DATA EXCERPTS ::

==================================================

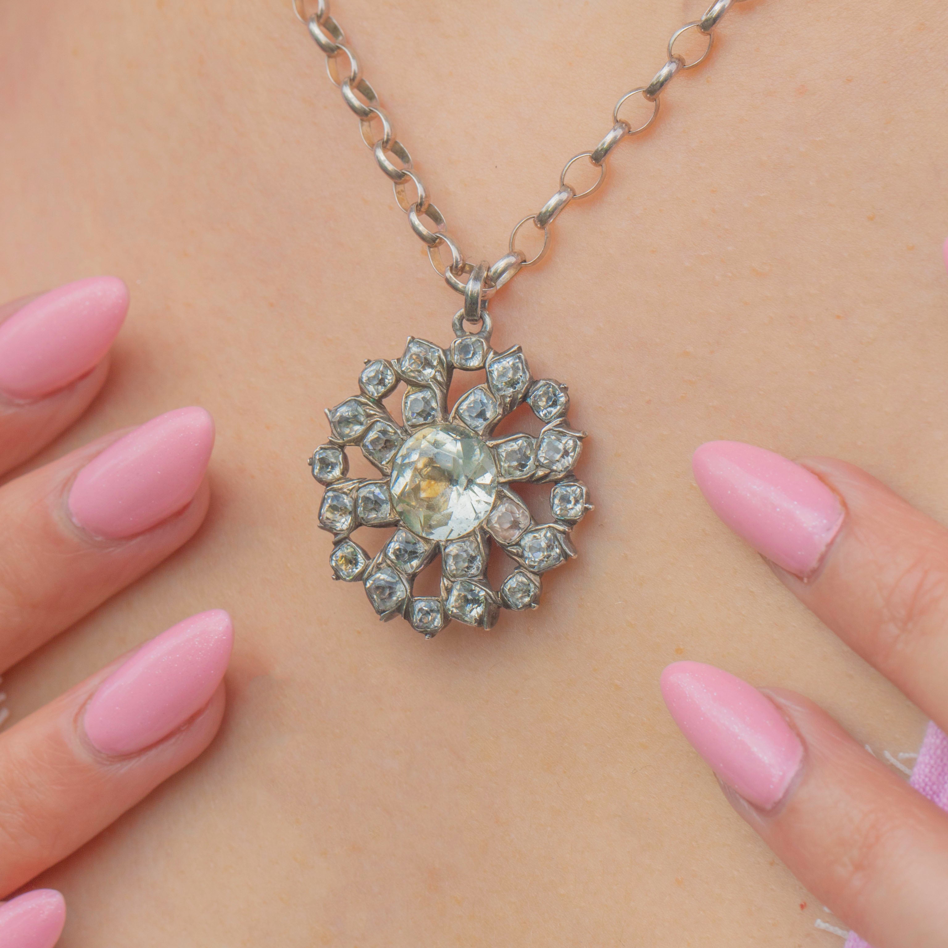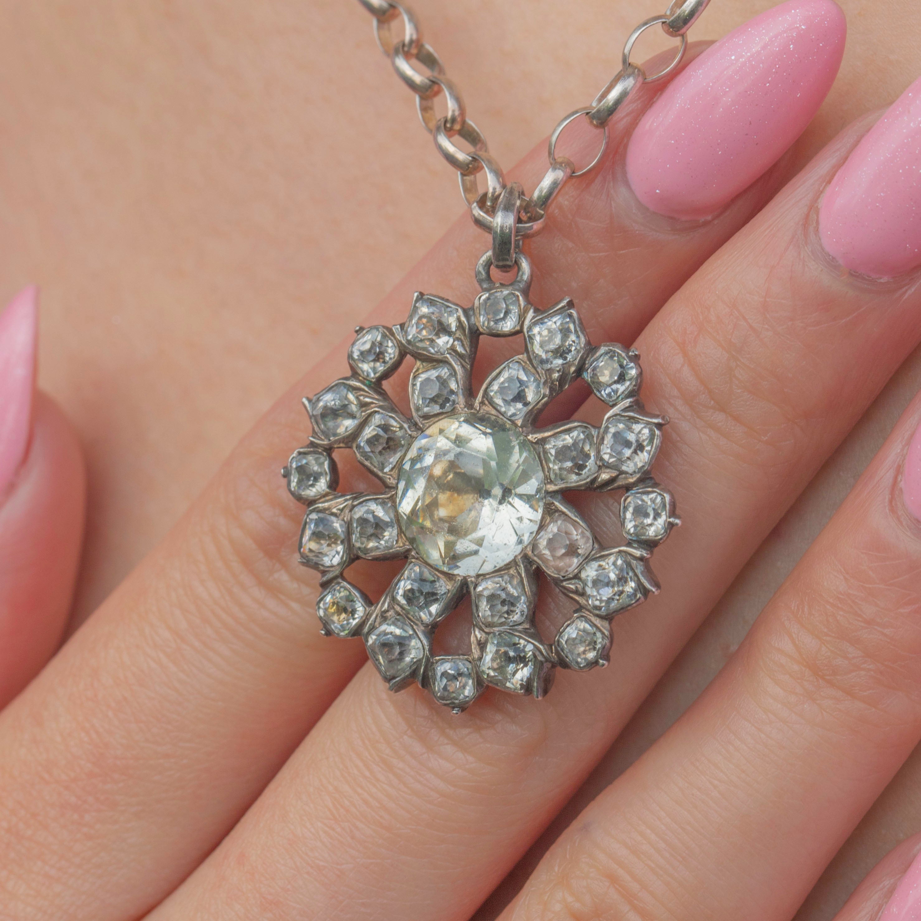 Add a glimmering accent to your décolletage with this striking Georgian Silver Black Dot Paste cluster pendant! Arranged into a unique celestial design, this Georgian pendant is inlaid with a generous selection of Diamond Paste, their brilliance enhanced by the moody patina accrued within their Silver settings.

==================================================

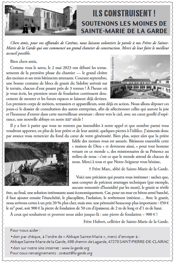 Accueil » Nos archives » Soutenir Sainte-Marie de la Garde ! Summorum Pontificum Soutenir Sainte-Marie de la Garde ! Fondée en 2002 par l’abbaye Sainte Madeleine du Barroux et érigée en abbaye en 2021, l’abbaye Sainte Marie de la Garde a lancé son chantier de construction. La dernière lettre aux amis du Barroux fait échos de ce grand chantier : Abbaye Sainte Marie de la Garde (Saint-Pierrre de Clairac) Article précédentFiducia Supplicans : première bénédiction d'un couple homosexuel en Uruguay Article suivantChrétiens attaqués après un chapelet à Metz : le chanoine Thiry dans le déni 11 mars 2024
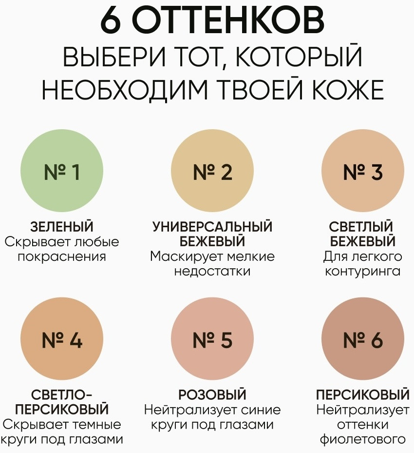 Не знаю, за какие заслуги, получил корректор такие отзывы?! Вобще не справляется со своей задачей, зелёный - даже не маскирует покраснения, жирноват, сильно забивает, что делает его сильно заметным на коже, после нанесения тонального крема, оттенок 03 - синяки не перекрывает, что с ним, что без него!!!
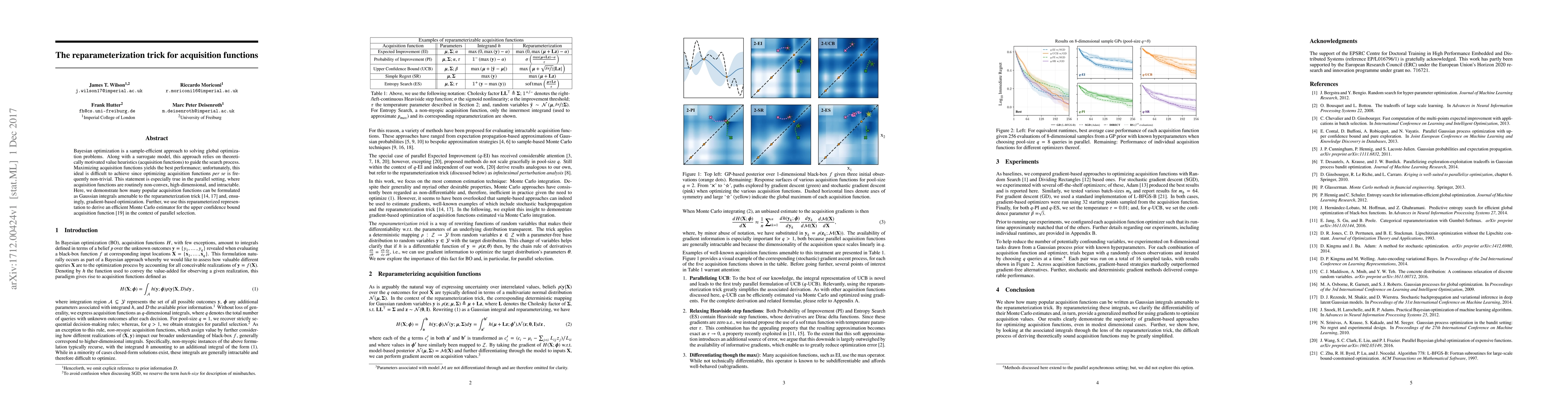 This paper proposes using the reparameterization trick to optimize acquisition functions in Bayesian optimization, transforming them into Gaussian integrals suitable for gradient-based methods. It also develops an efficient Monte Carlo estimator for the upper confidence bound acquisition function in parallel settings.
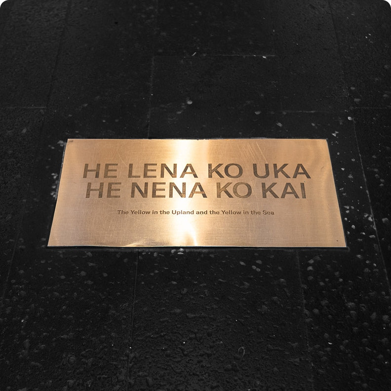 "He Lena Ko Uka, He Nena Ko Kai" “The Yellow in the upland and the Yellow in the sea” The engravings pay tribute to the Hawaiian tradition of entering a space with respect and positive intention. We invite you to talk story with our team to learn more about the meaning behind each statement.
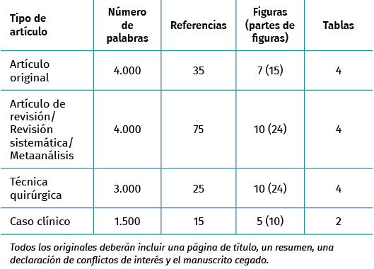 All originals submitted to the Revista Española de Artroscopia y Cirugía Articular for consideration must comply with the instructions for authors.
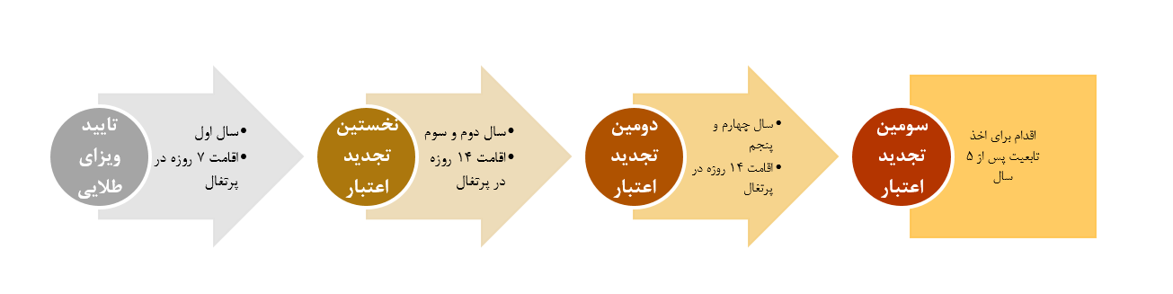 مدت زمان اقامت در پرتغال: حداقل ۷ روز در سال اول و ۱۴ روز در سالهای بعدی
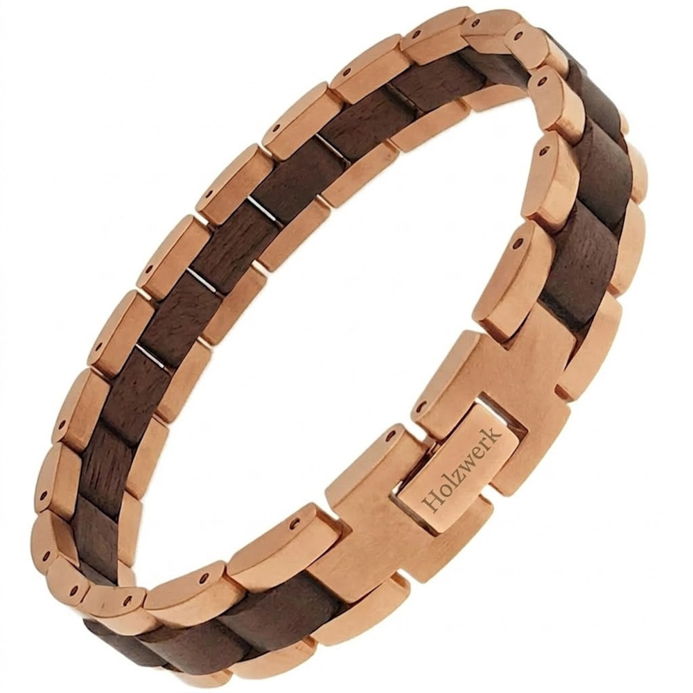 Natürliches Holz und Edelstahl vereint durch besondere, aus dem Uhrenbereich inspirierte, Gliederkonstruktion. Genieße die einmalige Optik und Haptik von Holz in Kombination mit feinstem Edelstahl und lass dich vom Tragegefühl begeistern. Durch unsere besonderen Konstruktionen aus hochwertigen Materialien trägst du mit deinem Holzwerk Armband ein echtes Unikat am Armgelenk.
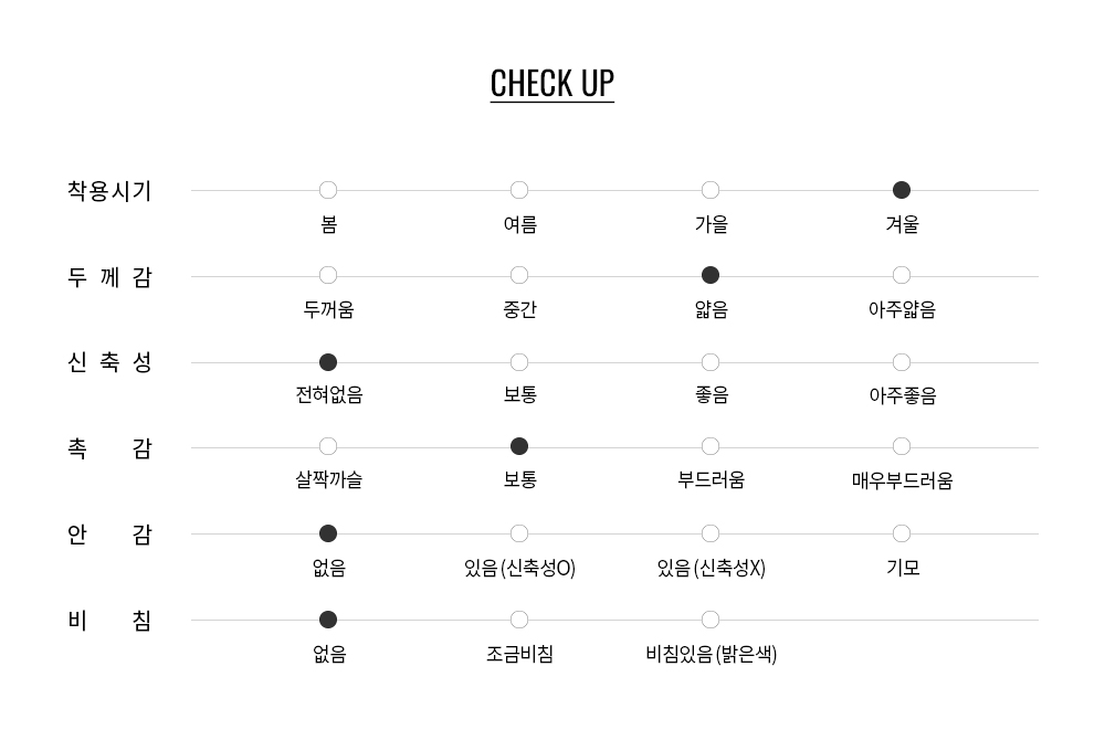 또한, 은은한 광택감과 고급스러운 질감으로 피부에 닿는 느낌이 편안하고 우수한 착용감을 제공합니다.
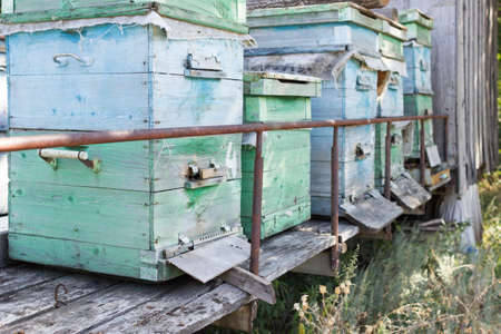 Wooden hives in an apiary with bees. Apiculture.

==================================================

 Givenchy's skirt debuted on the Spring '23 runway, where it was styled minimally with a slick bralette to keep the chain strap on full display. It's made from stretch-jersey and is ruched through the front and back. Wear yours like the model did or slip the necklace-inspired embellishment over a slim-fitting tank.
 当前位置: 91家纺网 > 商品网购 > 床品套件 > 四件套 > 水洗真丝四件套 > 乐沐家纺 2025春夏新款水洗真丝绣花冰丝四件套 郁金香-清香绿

==================================================

DIRECTIONS :: Everything from the line with "Не знаю, за" through the line with "This paper proposes" in the material above should be transcribed exactly, except the pictures.

WRITTEN ANSWER ::
 Не знаю, за какие заслуги, получил корректор такие отзывы?! Вобще не справляется со своей задачей, зелёный - даже не маскирует покраснения, жирноват, сильно забивает, что делает его сильно заметным на коже, после нанесения тонального крема, оттенок 03 - синяки не перекрывает, что с ним, что без него!!!
 This paper proposes using the reparameterization trick to optimize acquisition functions in Bayesian optimization, transforming them into Gaussian integrals suitable for gradient-based methods. It also develops an efficient Monte Carlo estimator for the upper confidence bound acquisition function in parallel settings.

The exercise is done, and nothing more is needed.